Industrial capitalists liked pictures that gave them ownership over the one thing their rule denied everyone else: unalienated labor, which over time became the special labor of artists. Warhol was the beginning of the next mutation in the art-property complex. His main business, once he had professional management, was portraits, which put his rich clients into the frame and style of the same mediated images as his portraits of Marilyn or Elvis. He created the illusion that money was as good as talent.

After Warhol comes conceptual art and the dematerialization of the artwork. This is usually seen as the reduction of the work to its documentation, but that’s only half the story. The other side is the connection between documentation and provenance. Art becomes a relation between two kinds of information. One is information about ownership, which is its form. There’s a kind of repetition to this: an ownership claim always takes the form recognized in a given legal jurisdiction. The other kind of information is the art, the “content,” understood as some unique phenomenon that has been copied and shared, at least among those with some knowledge of what art is or could be.

This is what both art and money look like now that money is off the gold standard and art is no longer based on rare materials: each is acknowledged to be a derivative of the process of simulating it into existence.

Just as the artwork is a derivative of its simulation, the art world in general is a derivative of its simulation. This is the function of art fairs, and also of biennales, which are art fairs for the trade itself. It’s all a rather elaborate way of conjuring art into existence, and it was only a matter of time before this too would end up being automated.

We’re on the verge of automating both sides of the production of art: the work itself and its provenance. Artificial intelligence can do the heavy lifting of stringing the words or pixels or sounds together. The role of the artist becomes more akin to that of the art director, curator, or DJ. This isn’t entirely new; the moment that made a fetish of the individual artist as author (and first seller) is the exception. What is new is the speed with which computation can allow an artist to iterate variations on a set of prompts.

On the other side, provenance can be automated and deskilled. One way to think about the blockchain is as automated provenance. The history of the property form, like that of art, is one of ever-increasing forms of abstraction and automation.

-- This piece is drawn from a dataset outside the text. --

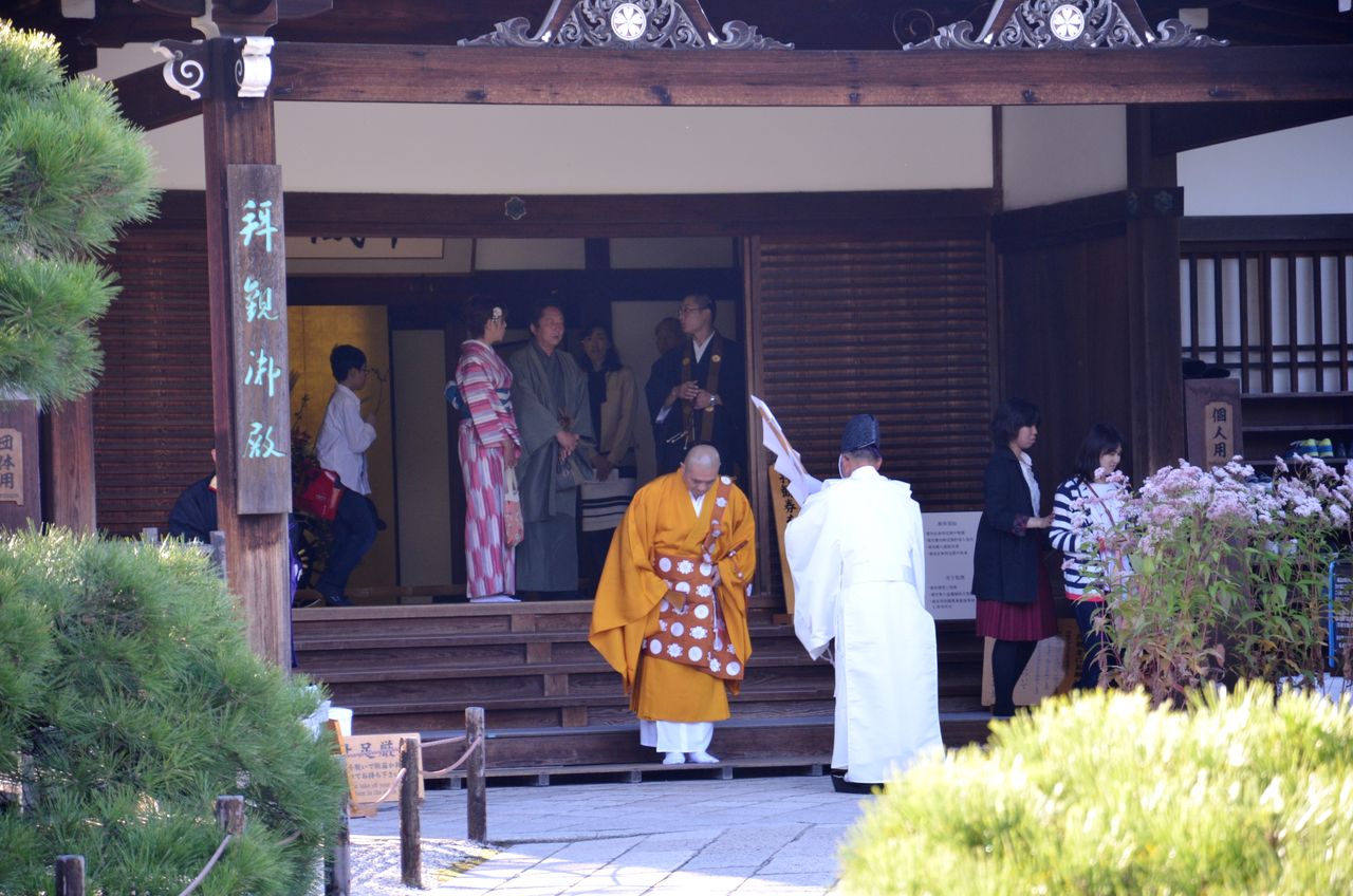私たちが行ったときに遭遇した珍しい出来事というのは,この仁和寺に神主さんがご挨拶に見えたということでした。神主さんとお寺⁉ 私はちょうど神主さんが山門を入られるのに遭遇してびっくりしたのですが,それを見ていた地元の人がいたので,どういうことか聞いてみました。

The most advanced instance of the aesthetic appropriate to our times may well be the AI-generated work, the image of which goes viral and the ownership of which is validated by the blockchain. The role of the human in the whole circuit is mostly confined to the way it snagged that rare commodity: attention. Its simulation as viral media validates a nonexistent original, which corresponds to the very real property claim recorded on the blockchain.

What, then, of those of us who want to live in this era like artists? Unless one has a private income or patrons, autonomy is probably best achieved by finding those rare skills in the production of simulated value upon which the upper reaches of this ruling class thrive. Give them the kinds of property they deserve! As for fame, it turns out to be something of a curse. It might be better to be known only to those among whom one wants to be known. As for pleasure, it’s best not to tell anyone where that is to be found, as the crowd now arrives with unprecedented alacrity. And as for revolution—we live in an era in which one struggles against the worst, not for the best.

Of course, the money will end up in the hands of those who really desire money above all else. They tend to be more focused on those goals than artists are, and to us, that seems like a boring way to spend a life. They even bore themselves, which is where we come in, by distracting them from boredom, but in a form that recognizes the core of their desires, which is always the ownership of property. Art is interesting forms of property.